Im Februar 1980 folgte er einem Ruf als Dozent an die Technische Universität Dresden, Sektion Mathematik. 1982 wurde er dann dort als ordentlicher Professor berufen, wo er auf der in Dresden traditionell engen Verbindung zwischen Mathematik und Informatik wissenschaftlich tätig war. Das betraf insbesondere die mathematischen Grundlagen der Informatik, wobei die algebraischen und logischen Methoden eine Hauptrolle spielten. Neben theoretischen Arbeiten zu Terminationsbeweisen wurde ein experimentelles Softwaresystem zur algebraischen Spezifikation unter Einbindung von Beweistechniken geschaffen.

Von 1992 bis 1995 war Peter Bachmann als Full Professor am Departement of Mathematics and Computer Science an der Universität in Kuwait beschäftigt. Hier war er sowohl im Grundstudium als auch in Graduate-Kursen und bei der Betreuung von Master-Arbeiten eingesetzt. In Forschungsprojekten setzte er die Bearbeitung von Fragen der algebraischen Spezifikation, der Termersetzung und des Narrowing fort.

Ab 1995 übernahm er dann als Universitätsprofessor die Leitung des Lehrstuhls ''Programmiersprachen und Compilertechnik'' an der Brandenburgischen Technischen Universität Cottbus. Die Forschungsarbeiten dort betrafen sowohl theoretische Grundlagen als auch praktische Aspekte der Programmierung.

Das Vorlesungsspektrum von Peter Bachmann ist breit gefächert.
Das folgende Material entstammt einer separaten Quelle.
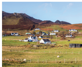
The countryside is used mostly for farming and conservation.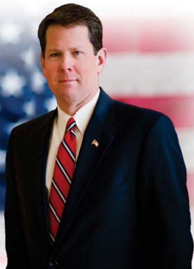
Brian P. Kemp Georgia Secretary of State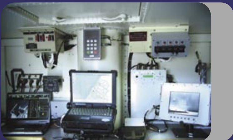
DSIT's PortView™ Harbor Surveillance System (HSS)

DSIT's PortView™ Harbor Surveillance System (HSS) incorporates the AquaShield™ DDS, search radars, and Day/Night thermal cameras into a comprehensive above and below water Command & Control security system.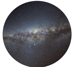
General Comms 0.8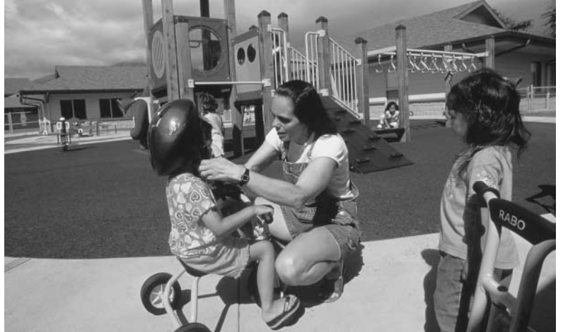
Kamehameha's Paukūkalo Preschool on Maui can serve up to 72 children ages 3 and 4.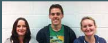
LSL-Mi Bus Multimedia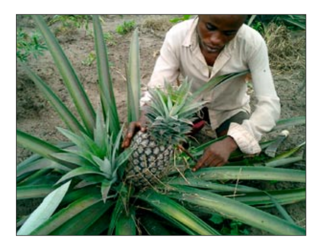
Papaya tree from our garden at the field. First pineapples after almost 2 years

Bank account: Aktive Direkt Hilfe e.V., Postbank Dortmund, number 298 000 461, BLZ 440 100 46, IBAN: DE 92 4401 0046 0298 0004 61, BIC: PBNKDEFF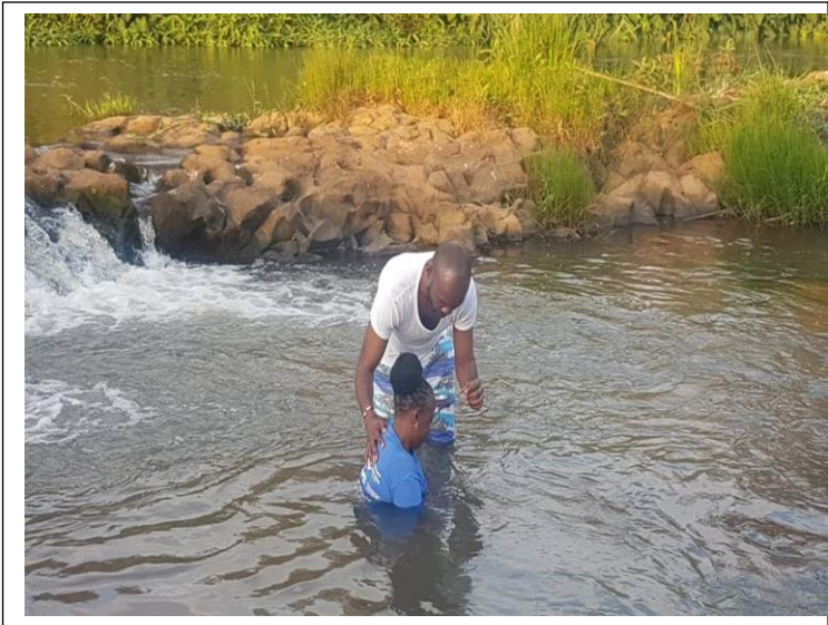
Recent baptism Gospel meeting-Kenya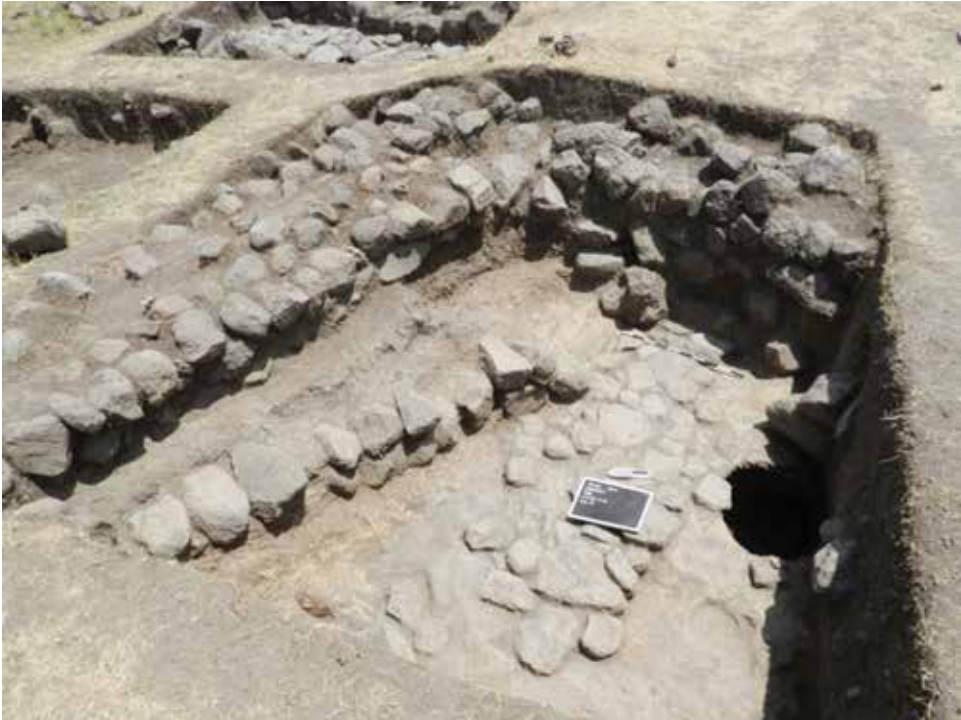
Figure 2. Completed excavations in HB2 photographed from the west, showing bedrock and paved flooring and primary (left) and secondary (upper right) walls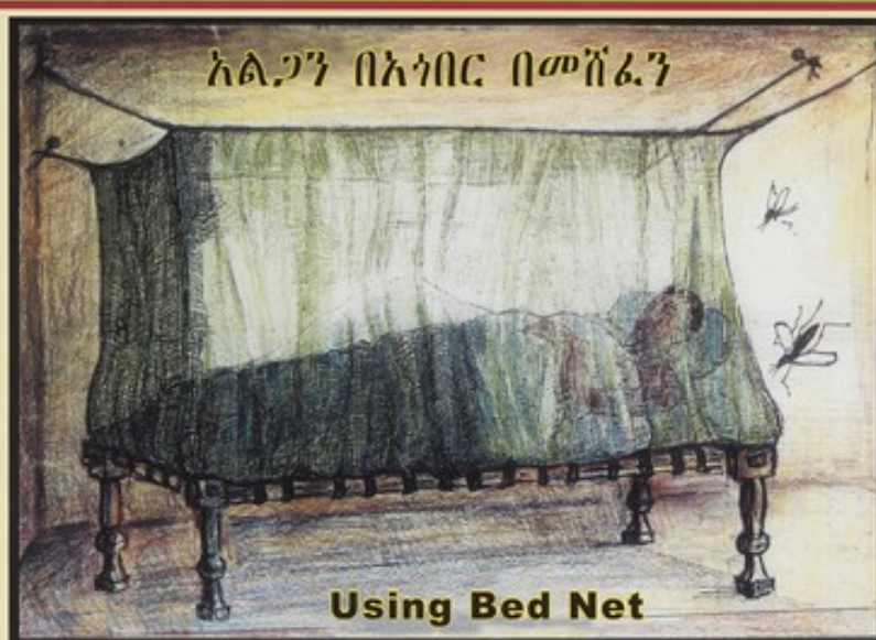
Using Bed Net

Neben Mathematik- und Informatik-Grundkursen für Ingenieure hat er Grund- und Spezialvorlesungen vor Mathematik- und Informatikstudenten gelesen, unter anderem Lineare Algebra, Höhere Algebra, Mengenlehre und Logik, Zahlentheorie, Berechnungstheorie, Formale Sprachen und Automaten, Compilertechnik, Mathematische Modelle paralleler Prozesse, Formale Semantik, Programmierung, Nichtnumerische Algorithmen.

Er hat zahlreiche Diplom- und Masterarbeiten sowie Dissertationen betreut und begutachtet.

Die Publikationsliste von Peter Bachmann umfaßt fünf Bücher und mehr als 60 wissenschaftliche Arbeiten.

1997 trat Peter Bachmann in den Ruhestand, hat aber nach wie vor enge Kontakte zu seinem früheren Lehrstuhl.

Peter Bachmann ist verheiratet und hat einen Sohn.